China Just Made Its Plans To Fight Climate Change Official

On Tuesday, China released long-awaited final greenhouse gas targets as part of its submission to the United Nations climate talks in Paris later this year.


Li Keqiang, China’s prime minister, said in a statement the country “will work hard” to peak its CO2 emissions before 2030, which was its previous commitment as part of the United States-China joint pledge from November 2014, the first time China had agreed to mitigate emissions.


The statement also said that China will cut its carbon intensity, or greenhouse gas emissions per unit of GDP, by 60-65 percent from 2005 levels by 2030, a large increase from its 40-45 percent goal for 2020.


Stian Reklev at Carbon Pulse writes that this commitment is on the “lower end of expectations, as China is estimated to be on track to overachieve its current target of reducing its carbon intensity.”


“China has already achieved a 33 percent reduction in the carbon intensity of its booming economy since 2005, and last month the government ordered its manufacturers to cut current levels by a further 40 percent by 2025,” writes Reklev.


The statement also reaffirms China’s goal of increasing non-fossil fuel sources of energy consumption to about 20 percent by 2030.


“China’s climate action plan reaffirms its commitment to pursue a lower-carbon development pathway driven by domestic interests,” Nick Mabey, CEO and Founding Director of E3G, a sustainable development non-profit, said in a statement. “But it can do more.

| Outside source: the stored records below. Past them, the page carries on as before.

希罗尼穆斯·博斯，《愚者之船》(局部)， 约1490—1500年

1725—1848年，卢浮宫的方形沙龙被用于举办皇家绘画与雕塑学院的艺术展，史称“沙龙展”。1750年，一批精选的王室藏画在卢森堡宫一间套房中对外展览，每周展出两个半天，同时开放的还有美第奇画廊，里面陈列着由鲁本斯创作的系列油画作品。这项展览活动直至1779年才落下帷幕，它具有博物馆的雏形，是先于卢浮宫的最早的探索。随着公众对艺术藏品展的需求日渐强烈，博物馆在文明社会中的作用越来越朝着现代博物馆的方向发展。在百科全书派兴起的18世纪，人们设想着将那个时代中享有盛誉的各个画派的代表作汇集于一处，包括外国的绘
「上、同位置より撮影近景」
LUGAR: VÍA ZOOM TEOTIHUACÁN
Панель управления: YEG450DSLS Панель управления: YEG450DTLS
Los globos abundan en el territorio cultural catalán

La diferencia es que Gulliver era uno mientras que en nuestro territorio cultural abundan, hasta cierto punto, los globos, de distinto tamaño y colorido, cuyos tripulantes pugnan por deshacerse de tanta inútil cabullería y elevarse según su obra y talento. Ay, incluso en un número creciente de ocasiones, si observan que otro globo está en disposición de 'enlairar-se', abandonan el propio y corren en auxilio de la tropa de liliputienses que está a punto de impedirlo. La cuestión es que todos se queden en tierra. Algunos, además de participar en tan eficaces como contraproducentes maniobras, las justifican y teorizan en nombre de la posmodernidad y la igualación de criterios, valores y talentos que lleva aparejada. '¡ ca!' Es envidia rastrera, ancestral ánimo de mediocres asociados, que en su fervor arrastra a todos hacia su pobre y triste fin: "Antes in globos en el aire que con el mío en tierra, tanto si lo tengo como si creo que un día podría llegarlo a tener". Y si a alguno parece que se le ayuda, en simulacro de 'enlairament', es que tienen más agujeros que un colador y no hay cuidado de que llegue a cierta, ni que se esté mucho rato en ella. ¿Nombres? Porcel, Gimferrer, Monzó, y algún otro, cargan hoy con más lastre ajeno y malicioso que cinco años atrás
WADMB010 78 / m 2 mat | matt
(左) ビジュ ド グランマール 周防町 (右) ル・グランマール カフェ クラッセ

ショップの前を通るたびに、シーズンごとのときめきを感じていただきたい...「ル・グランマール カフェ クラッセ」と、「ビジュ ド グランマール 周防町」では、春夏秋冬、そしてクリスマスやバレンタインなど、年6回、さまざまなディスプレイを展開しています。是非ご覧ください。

It must now integrate climate change actions into its ambitious development and economic reforms.”


While these are not bold new targets, they are of critical importance to the international negotiations surrounding the climate talks at the end of the year in which leaders hope to establish a post-2020 agreement that applies to all nations. China is the world’s second largest economy and biggest greenhouse gas emitter, and no deal would be achievable without their cooperation.


With China officially submitting its Intended Nationally Determined Contribution (INDC) to the UNFCCC, the world’s three largest carbon polluters, including the United States and the European Union, have all made commitments ahead of the Paris Summit. The United States plans to to reduce emissions by 26-28 percent below 2005 levels by 2025, and to make its best efforts to reduce by them by 28 percent. EU leaders have agreed to a 2030 greenhouse gas reduction target of at least 40 percent compared to 1990.

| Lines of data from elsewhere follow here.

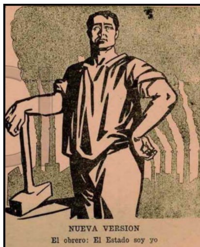
«Nueva versión. El obrero: “el Estado soy yo”», Revista de Oriente , n°1, 1925.

Adicionalmente, en 1920 se conformó el “Programa de grupo productivista”, ideado por Vladímir Tatlin, Aleksandr Rodchenko y Varvara Stepanova. Proclamaban un constructivismo como “expresión comunista de una obra materialista constructiva”, basándose en el comunismo científico, es decir, en las hipótesis del materialismo histórico. 39 Sus objetivos, dicho de manera sucinta, eran: participar de la producción intelectual y artística revolucionaria, edificar una cultura comunista, y obtener contacto con los centros productivos y con los organismos centrales de los soviets. Una de sus premisas elementales era desplazar sus actividades de investigación de lo abstracto a lo real; el artista debía encontrar anclaje en la vida práctica, en un mundo condicionado por necesidades materiales de existencia. Conociendo estos elementos, los aportes de la historia del arte pueden sugerirnos posibles lecturas de la Revista de Oriente . Es evidente, por ejemplo, que lo real —en oposición a lo abstracto— tiene un lugar privilegiado en las imágenes y pinturas seleccionadas en cualquiera de las publicaciones. Pensar un sujeto nuevo en una realidad también emergente implicaba ir más allá del adorno estético y la mera representación. Es el caso de la siguiente pintura, donde se ve, nuevamente, el lado oscuro del mundo del trabajo.
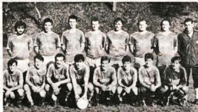
Nogometaši Visokega, jesenski članski prvaki gorenjske lige.

Člani A liga: Visoko 16, Sportina Bled 15, Lesce 15, Alpina 14, Tržič 14, Britof 11, Bitnje 10, Sava 10, Jesenice 9, Polet 9, Trboje 6 in Hrastje 3. Člani B liga: Mavčiče 19, Kondor 19, Železniki 17, Top Trade Reteče 16, Velesovo 13, Jesenice B liinden 83 13, Živila Naklo B 12, Podgorje 10, Podbrezje 8, Senčur 8, Alpina B 8,
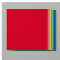
Brights 12" X 12" (30.5 X 30.5 Cm) Cardstock - 147001
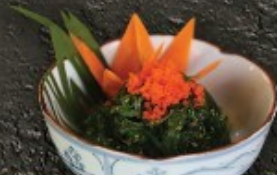
Hiyashi Wakame 150.- สาหร่ายแช่เย็น
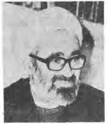
بقیه از صفحه ۱
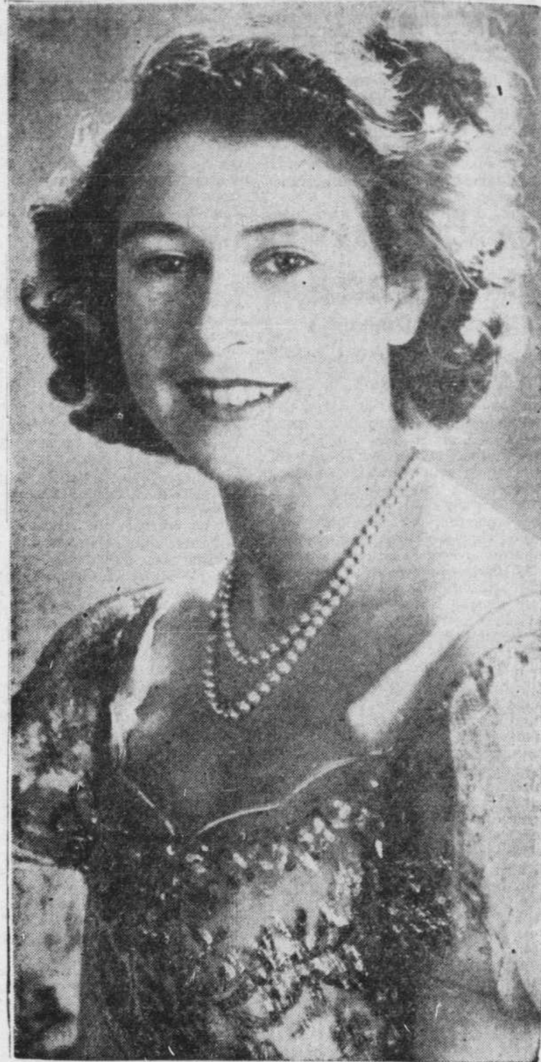
Voici la dernière et une des meilleures photographies de Son Altesse Royale la Princesse Elisabeth d'Angleterre. Elle porte ici une fraîche et somptueuse toilette de dentelle et de tulle rosés garnie de paillettes.
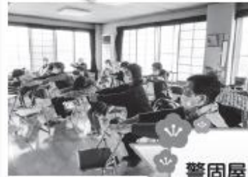
11/21 警固屋区セメント町サロン
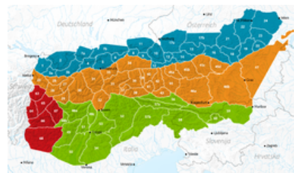
Le Dolomiti di Brenta secondo l'AVE sono individuate dal numero 51
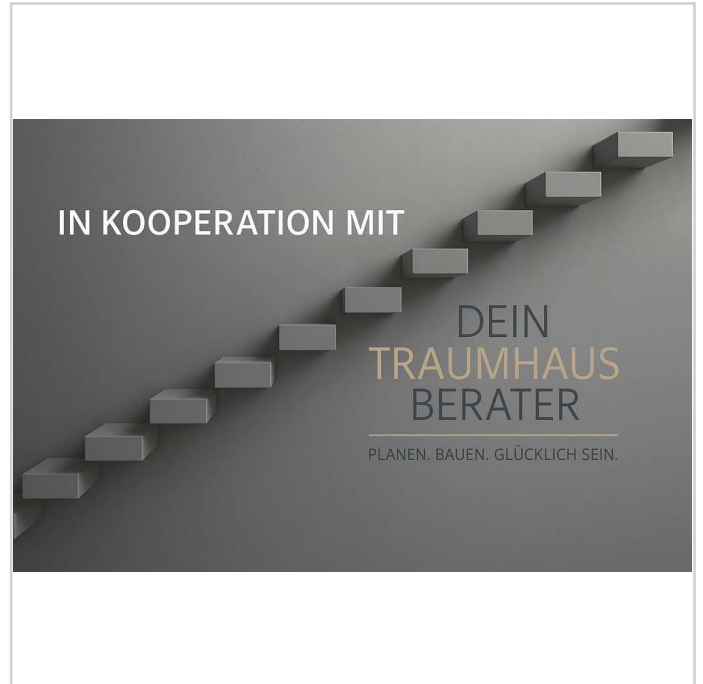
Dein Traumhaus Berater
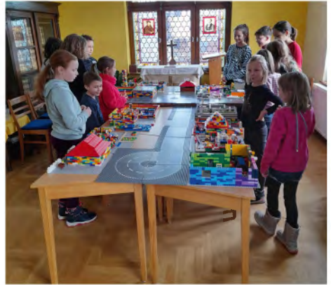
Traumstadt in Möhra
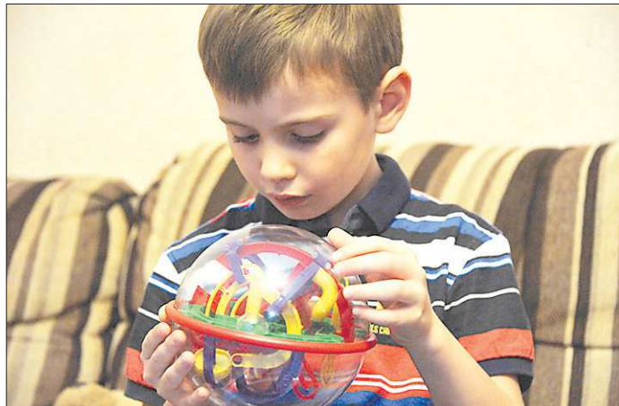
У ребёнка должна быть возможность побыть наедине со своими мыслями
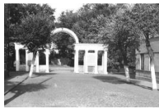
1. Dubrovina parks
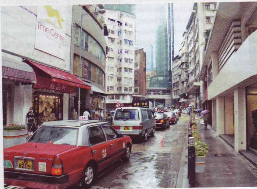
« Canyon » de Hong Kong.

Exemple au bureau pour l'efficacité énergétique (EEO) du départ-
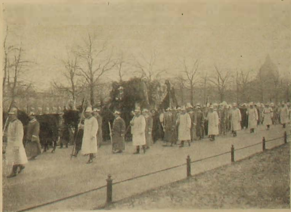
Luitpold bajor regensherczeg temetése.
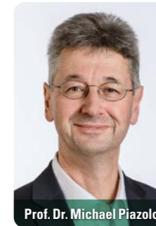
Prof. Dr. Michael Piazzolo
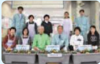
大和田駅で植栽を行いました▲
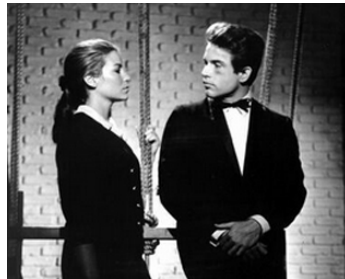
1964 MICKEY ONE (Mickey One) d'Arthur Penn avec Warren Beatty
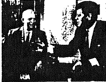
Kennedy and Khrushchev in Vienna
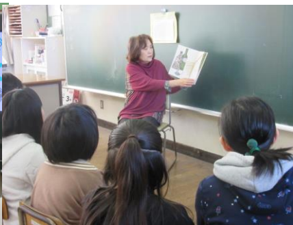
1月27日 読み聞かせ（さやかハーモニー）
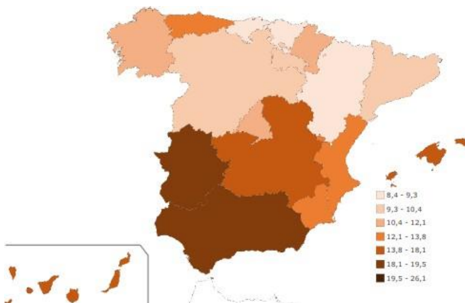
Mapa 2: Comparación de las tasas de paro por Comunidades Autónomas en España en el primer trimestre del año 2023 (Tasas)

Even small decreases in China’s emissions seem like monumental feats when compared to other countries. According to a recent analysis, in the first four months of 2015, China’s coal use fell almost 8 percent compared to the same period last year — a reduction in emissions that’s approximately equal to the total carbon dioxide emissions of the U.K. over the same period.


Late last year the government announced it plans to cap coal use by 2020, a necessary target to meet its global pledge of peaking greenhouse gas emissions by 2030. Reducing its use of coal, which still generates three-fourths of China’s electricity, is also a key element of China’s renewable energy target of 20 percent non-fossil fuels in “primary energy consumption by 2030.”

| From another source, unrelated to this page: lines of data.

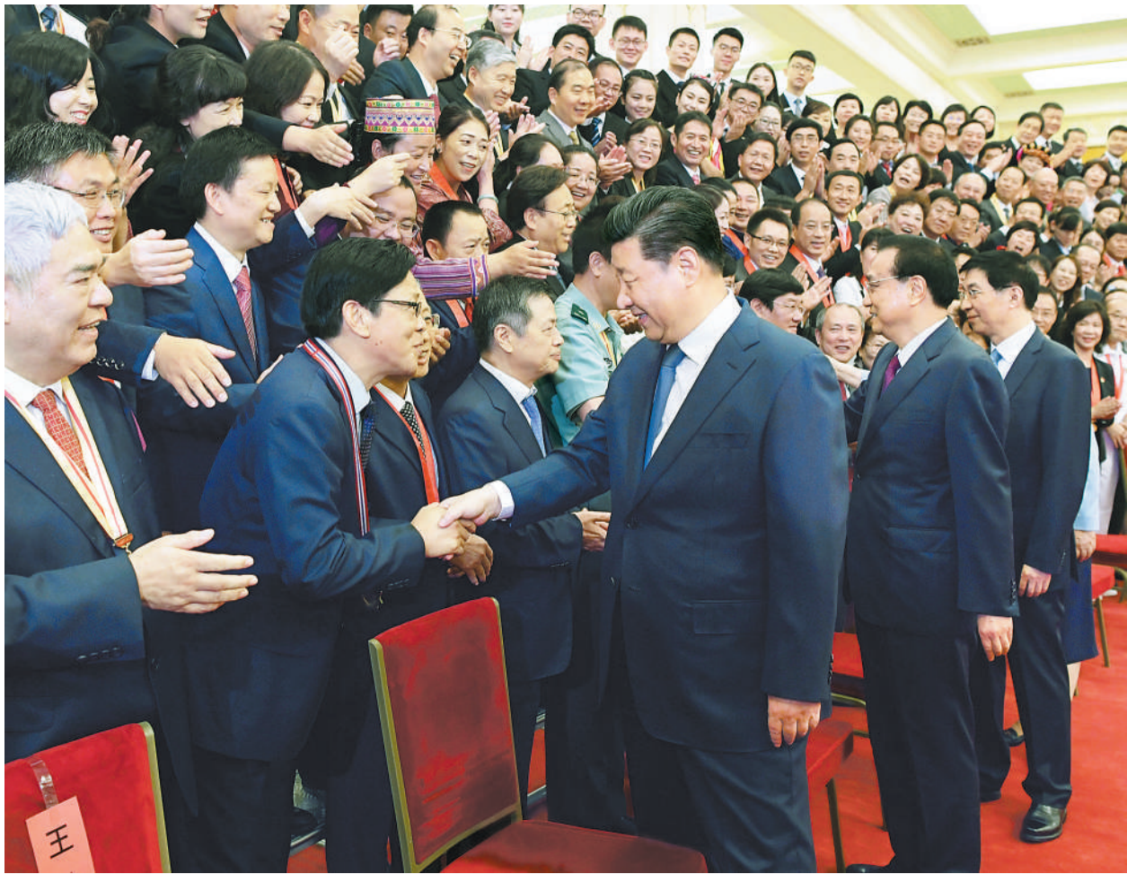
9月10日,党和国家领导人习近平、李克强、王沪宁等在北京人民大会堂会见庆祝2019年教师节暨全国教育系统先进集体和先进个人表彰大会受表彰代表。

会上表彰了718名“全国模范教师”、79名“全国教育系统先进工作者”、597个“全国教育系统先进集体”,以及1432名“全国优秀教师”、158名“全国优秀教育工作者”,授予1355项“国家级教学成果奖”。此前,教育部等还推选了10位“全国教书育人楷模”。
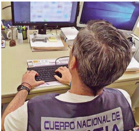
Un agente de la Policía Nacional.

Los agentes localizaron una página que servía como un repositorio de grabaciones de explotación sexual infantil, en continuo crecimiento por aporte de los propios usuarios. Tenía casi dos millones de suscriptores y 91.000 videos, cantidad que aumentaba a razón de
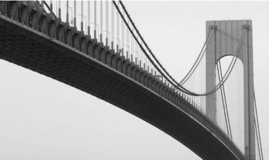
Podpis obrazu: Podpis obrazu: aby Twój dokument uzyskał profesjonalny wygląd, program Word zawiera projekty nagłówków, stopek, stron tytułowych i pól tekstowych, które uzupełniają się nawzajem.

Motywy i style ułatwiają także zachowanie koordynacji dokumentu. Po kliknięciu przycisku Projektowanie i wybraniu nowego motywu obrazu, wykresy i grafika SmartArt zmieniają się w celu dopasowania do nowego motywu. Po zastosowaniu stylów nagłówki zmieniają się w celu ich dopasowania do nowego motywu.
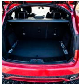
Vélbúnaðurinn sem í boði er í E-Pace er æði fjölbreyttur, þrjár díslvélar, 150, 180 og 240 hestafla og tvær bensínvélar, 250 og 300 hestafla. Allar eru þær af nýrri Ingenium gerð og afskaplega skilvirkar.

Vélbúnaðurinn sem í boði er í E-Pace er æði fjölbreyttur, þrjár díslvélar, 150, 180 og 240 hestafla og
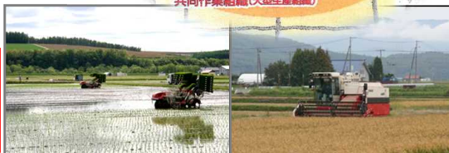
ほ場の大区画化と併せて共同作業を行うことにより、 「東川米」を低コスト安定生産が可能

生産基盤の整備と併せて、 これら取組みを推進すること で高品質・安定生産による 地域ブランドを強化
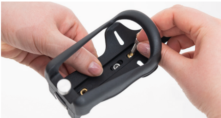
Abbildung 7: Einsetzen der Schrauben

Setze die beiden kleinen Schrauben in die Löcher ein (s. Abb. 7) und ziehe diese fest, um den Flaschenhalter zu fixieren (s. Abb. 8). Der Flaschenhalter kann nun an die Schelle am Rollstuhlrahmen angebracht werden.
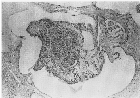
Fig. 1. Ectatic efferent ducts and microcysts filled with papillary processes are seen. (H.E. ×200)

本症は von Hippel-Lindau 病を高率に合併するといわれているため術後ではあるがその検索を行った. まず眼底所見は正常で, 腹部 CT では肝, 脾に腫瘍, 嚢胞はみられず右腎において直径約 1 cm の小さな孤立性嚢胞が腎門部にみられただけであった. 頭部 CT では小脳腫瘍の存在は認められなかった. 以
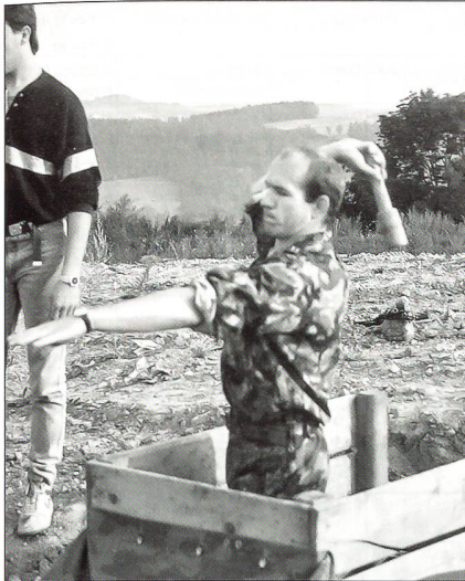
Zielwurf als Punktesammler.

Die Beteiligung hat allmählich die Möglichkeiten bezüglich Personalaufwand und Material des UOV Bischofszell überstiegen. Das Organisationskomitee beschloss, eine Pause einzulegen.
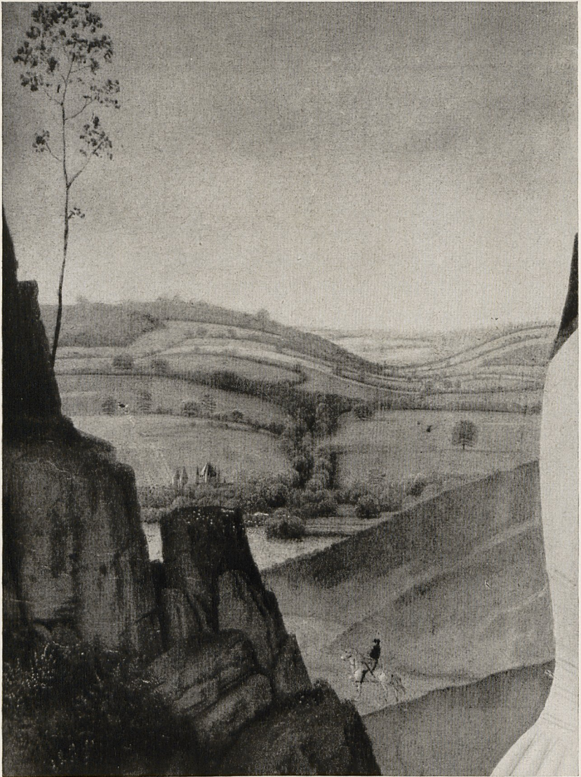
Abb. 1 Dieric Bouts: „Der Erasmusaltar (Ausschnitt). Löwen, Peterskirche.

China is also the leading renewable energy investor, spending some $89.5 billion last year on clean energy, almost a third of the global total.


“China’s climate targets signal its commitment to deepening the energy efficiency and clean energy efforts it began a decade ago, which have resulted in China becoming the largest wind power country in the world and being on track to pass Germany this year as the largest solar PV country in the world,” said Fuqiang Yang, Energy, Environment and Climate Change senior adviser for the Natural Resources Defense Council in a statement.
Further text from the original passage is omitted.